▸ **What the exercise asks**: Below this line are records; transcribe exactly the lines between the one holding "Hockey White and" and the one holding "हरियाणा के नूंह", inclusive, and omit the pictures.

▸ **Data records**:

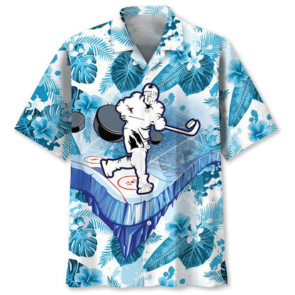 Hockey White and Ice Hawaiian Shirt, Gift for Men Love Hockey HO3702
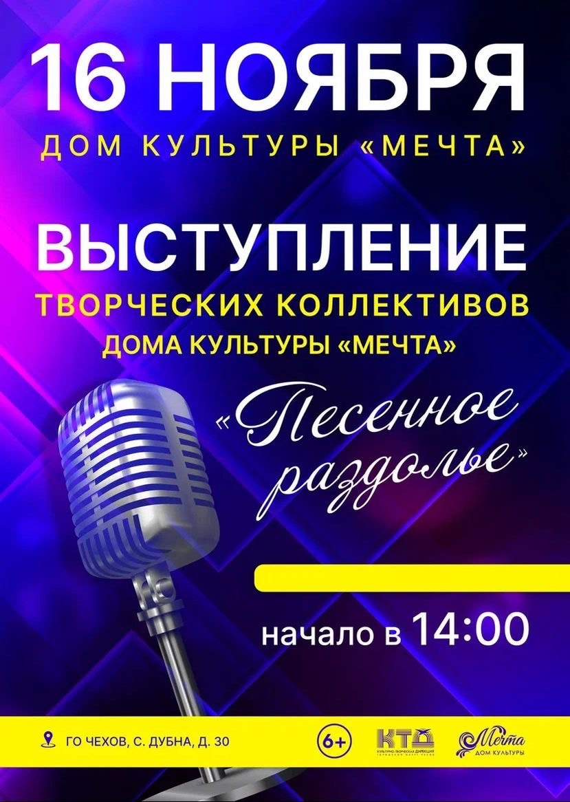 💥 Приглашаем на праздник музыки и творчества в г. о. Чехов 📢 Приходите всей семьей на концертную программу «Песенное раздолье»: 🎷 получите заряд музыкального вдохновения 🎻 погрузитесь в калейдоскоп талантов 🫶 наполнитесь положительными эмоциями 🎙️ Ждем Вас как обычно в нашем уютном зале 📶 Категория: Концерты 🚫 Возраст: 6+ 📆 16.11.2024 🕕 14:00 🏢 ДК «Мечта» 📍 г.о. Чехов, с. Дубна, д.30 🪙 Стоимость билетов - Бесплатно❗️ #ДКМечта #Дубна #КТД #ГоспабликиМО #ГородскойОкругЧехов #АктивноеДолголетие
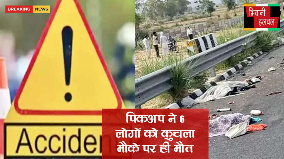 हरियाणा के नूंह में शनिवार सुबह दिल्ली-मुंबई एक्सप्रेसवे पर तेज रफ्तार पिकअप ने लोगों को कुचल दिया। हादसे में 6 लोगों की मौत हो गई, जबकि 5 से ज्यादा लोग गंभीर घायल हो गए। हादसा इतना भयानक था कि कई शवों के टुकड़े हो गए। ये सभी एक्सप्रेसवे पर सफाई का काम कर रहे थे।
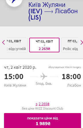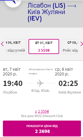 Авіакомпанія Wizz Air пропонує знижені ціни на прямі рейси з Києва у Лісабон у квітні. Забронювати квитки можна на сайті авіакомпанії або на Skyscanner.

* * *

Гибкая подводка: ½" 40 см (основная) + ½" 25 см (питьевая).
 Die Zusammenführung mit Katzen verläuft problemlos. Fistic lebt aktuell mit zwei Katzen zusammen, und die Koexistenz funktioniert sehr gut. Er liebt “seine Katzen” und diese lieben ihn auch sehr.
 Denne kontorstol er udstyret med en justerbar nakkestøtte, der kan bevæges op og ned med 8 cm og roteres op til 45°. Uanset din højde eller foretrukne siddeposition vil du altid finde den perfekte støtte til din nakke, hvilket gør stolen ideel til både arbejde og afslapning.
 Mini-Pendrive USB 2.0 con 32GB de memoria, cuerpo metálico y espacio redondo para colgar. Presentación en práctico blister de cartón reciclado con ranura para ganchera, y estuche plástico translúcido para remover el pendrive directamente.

==

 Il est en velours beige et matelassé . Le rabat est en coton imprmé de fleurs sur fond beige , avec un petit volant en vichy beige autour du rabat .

▸ **Response to the exercise**:
 Hockey White and Ice Hawaiian Shirt, Gift for Men Love Hockey HO3702
 💥 Приглашаем на праздник музыки и творчества в г. о. Чехов 📢 Приходите всей семьей на концертную программу «Песенное раздолье»: 🎷 получите заряд музыкального вдохновения 🎻 погрузитесь в калейдоскоп талантов 🫶 наполнитесь положительными эмоциями 🎙️ Ждем Вас как обычно в нашем уютном зале 📶 Категория: Концерты 🚫 Возраст: 6+ 📆 16.11.2024 🕕 14:00 🏢 ДК «Мечта» 📍 г.о. Чехов, с. Дубна, д.30 🪙 Стоимость билетов - Бесплатно❗️ #ДКМечта #Дубна #КТД #ГоспабликиМО #ГородскойОкругЧехов #АктивноеДолголетие
 हरियाणा के नूंह में शनिवार सुबह दिल्ली-मुंबई एक्सप्रेसवे पर तेज रफ्तार पिकअप ने लोगों को कुचल दिया। हादसे में 6 लोगों की मौत हो गई, जबकि 5 से ज्यादा लोग गंभीर घायल हो गए। हादसा इतना भयानक था कि कई शवों के टुकड़े हो गए। ये सभी एक्सप्रेसवे पर सफाई का काम कर रहे थे।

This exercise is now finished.